2025 launchten die Norddeutschen mehrere salzige Produkte, bei denen das Salz direkt in die Nuss gelangt. „In-Salt-Verfahren“ heißt das von Farmer’s Snack selbst entwickelte Prozedere. Der Vorteil: Salzige Finger nach dem Snacken sind ­passé. Ein großer Vorteil unterwegs. Und ein Alleinstellungsmerkmal, wie die Geschäftsführerin betont. Zudem verteile sich das Salz gleichmäßig, das sorge für ein ausgewogenes Geschmackserlebnis. Beim Verbraucher komme die Range gut an: „Genau solche relevanten Neuheiten sind auch für den Handel interessant, weil sie Differenzierung im Regal schaffen und Impulskäufe fördern.“

„Trendorientiert und alltagstauglich“

Insgesamt dürfe laut Ahrens in diesem Segment die Rolle von Social Media nicht unterschätzt werden: „Gute Produkte allein reichen heute nicht mehr aus, sie müssen sichtbar und trendorientiert sein und Teil des Alltags der Konsumenten werden.“ Alltagstaugliche Lösungen sind für sie größere ­Vorratsformate sowie wiederverschließbare Verpackungen mit hohem Convenience-Grad wie Becher.

Salzige Snacks „Die Kontaktstrecke verlängern“
Frank Blömer

Konsumenten sparen. Auch beim Griff zur Chipstüte: Der Absatz (in Kilogramm) stieg in den ersten vier Monaten des Jahres „nur“ um 2,9 Prozent – nach 10,6 Prozent in der Vorjahresperiode (Quelle: NielsenIQ). Dennoch hätten sich salzige Snacks im Vergleich zu Süß- und Schokoladenwaren zuletzt robuster entwickelt, sagt Intersnack-Vorstand Karl-Heinz Westing. Nicht nur er fordert daher mehr Platz für sie im Regal. Das hatte er im Gespräch mit der Lebensmittel Praxis schon vergangenes Jahr gefordert. Hat sich etwas verbessert? Es gebe erste vorsichtige Reaktionen, sagt er. „Laut Circana ist die Anzahl salziger Snackartikel je Geschäft gestiegen. Der Sortimentsanteil der Kategorie erhöhte sich im Süßwarenregal in den letzten zwölf Monaten bis März 2026 von 20 auf 21,4 Prozent.“ Dennoch sieht er „weiter Potenzial nach oben“.

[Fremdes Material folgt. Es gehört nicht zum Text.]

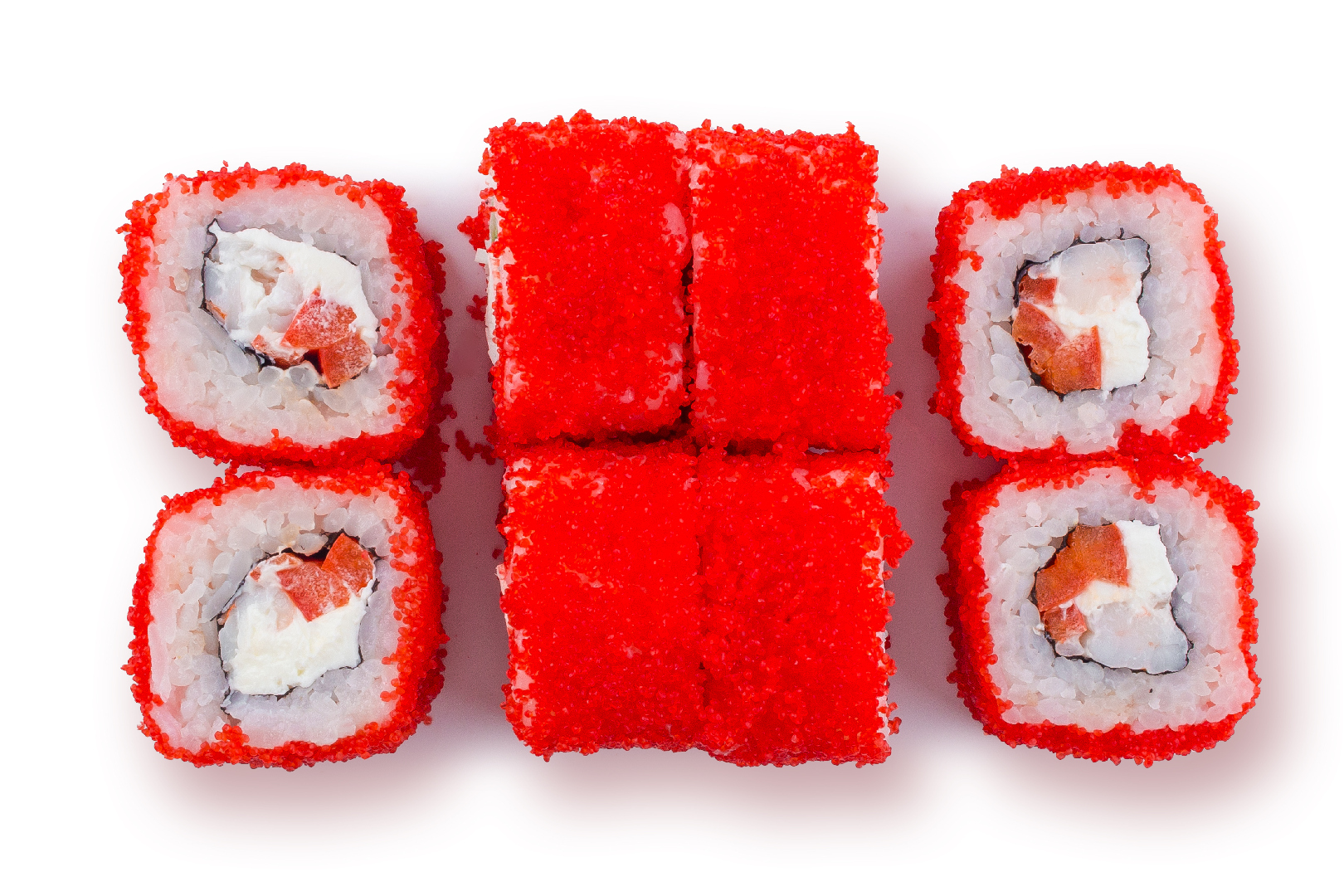 Тигровые креветки, болгарский перец, сливочный сыр, икра тобико
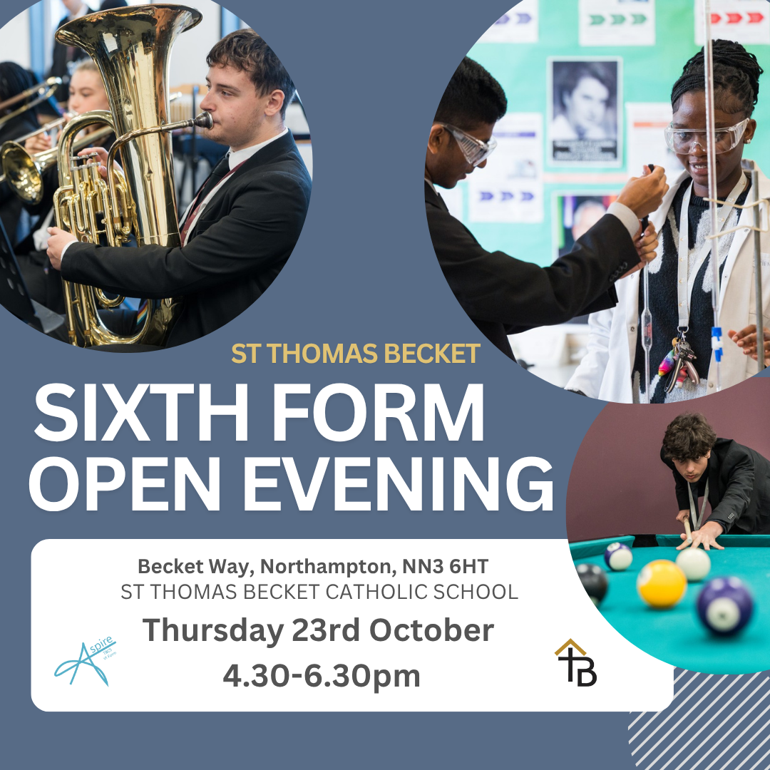 Please book a place at our upcoming Open Evening: Sixth Form Open Evening 2025 Tickets, St Thomas Becket Catholic Secondary School, Northampton | TryBooking United Kingdom
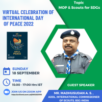 National Level Webinar on “Messengers of Peace and Scouts for SDGs” under Virtual International Day of Peace Celebration 2022 was organized by the Bharat Scouts and Guides National Headquarters on 18th September 2022 via zoom and the same was telecasted live through the official YouTube channel of BSG. The event started with BSG Prayer which was followed by the Welcome Address delivered by Sri Analendra Sharma, Assistant Director, North East Region in which he took the privilege to welcome all the esteemed guest speakers, NHQ Officials and the particpants. Sri Amar B Chettri, Joint Director of Scouts (Programme and Training) took the privilege to deliver the Opening Remarks where he introduced the event and it’s importance. After that, with the lighting of the lamp, Dr Kali Prasad Mishra, National Vice President, BSG and Sri M M Joshi, National Commissioner of Headquarters (Special Programme) inaugurated the event. Also, they blessed the virtual gathering and inspired the particpants. Then, session on Messengers of Peace and Sustainable Development Goals was taken by Sri Madhusudan Avala, Additional International Commissioner (Scout), BSG. The session covered all the elements of messengers of peace contributing to the Sustainable Development Goals, Ways of contributing to SDGs, Benefits for Community, the Messengers of Peace programme and network and the Scout Donation platform was explained in details to the particpants. Interactive Quiz on slido was organized at the end of the session to check the learning of the participants through this webinar. Various Presentations on Sustainable Development Goals were presented by active members of the Bharat Scouts and Guides working on various programmes. Sri Amar B Chettri, MOP NSO Coordinator addressed the gathering, congratulated the presenters for their wonderful projects and urged the members of the organization to upload the service projects in www.sdgs.scout.org to create more visibility of the Bharat Scouts and Guides. Finally, the Vote of Thanks was presented by Ms Shivangi Saxena, Assistant Director (Central and Western Region), BSG in which she thanked each and everyone who were present and have contributed for the success of the event and the event ended with the National Anthem. The event was coordinated by Mr Satyajit and Ms Priyanka under the dynamic leadership of Sri Analendra Sharma, Assistant Director, North East Region.
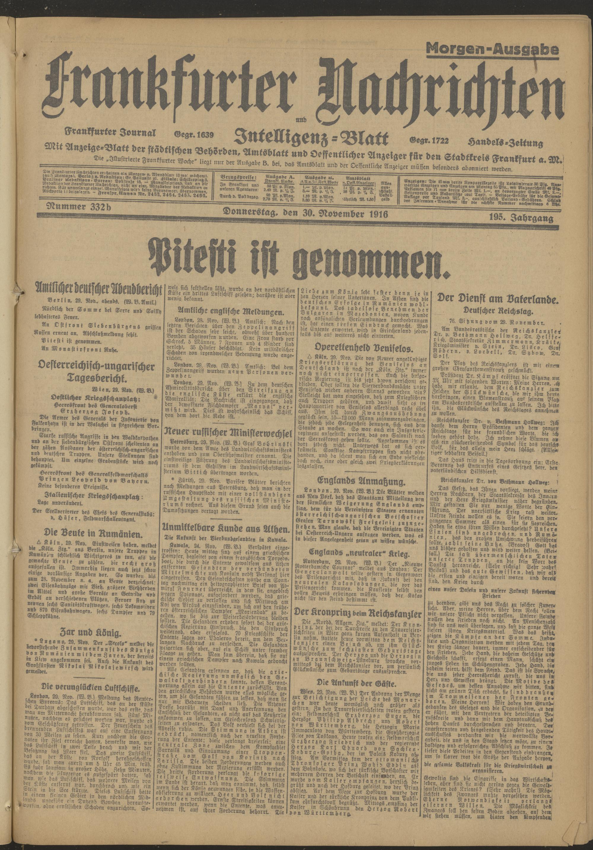 30.11.1916 = Nr. 332 b Morgen-Ausgabe

Von punktuellen Entwicklungen spricht auch Frank Blömer, Commercial Director bei Lorenz Snacks. Aber: „Dem Kontaktstreckenanteil von 23 Prozent steht ein Umsatzanteil von 28 Prozent entgegen.“ Blömer sieht zudem noch Potenzial in der Flächenzuordnung, „insbesondere bei Zweitplatzierungen, saisonalen Inszenierungen und aufmerksamkeitsstarken Regalauftritten“. In wirtschaftlich herausfordernden Zeiten blieben salzige Snacks ein „erschwinglicher Genussmoment mit hoher Frequenz- und Impulskraft“.

Nüsse brauchen keine Zusätze, um Lebensmitteleinzelhändlern als natürlicher Proteinlieferant Differenzierung zu bieten. Sie bedienen sehr unterschiedliche Bedürfnisse der Verbraucher. Sie verdienen (noch) mehr Aufmerksamkeit.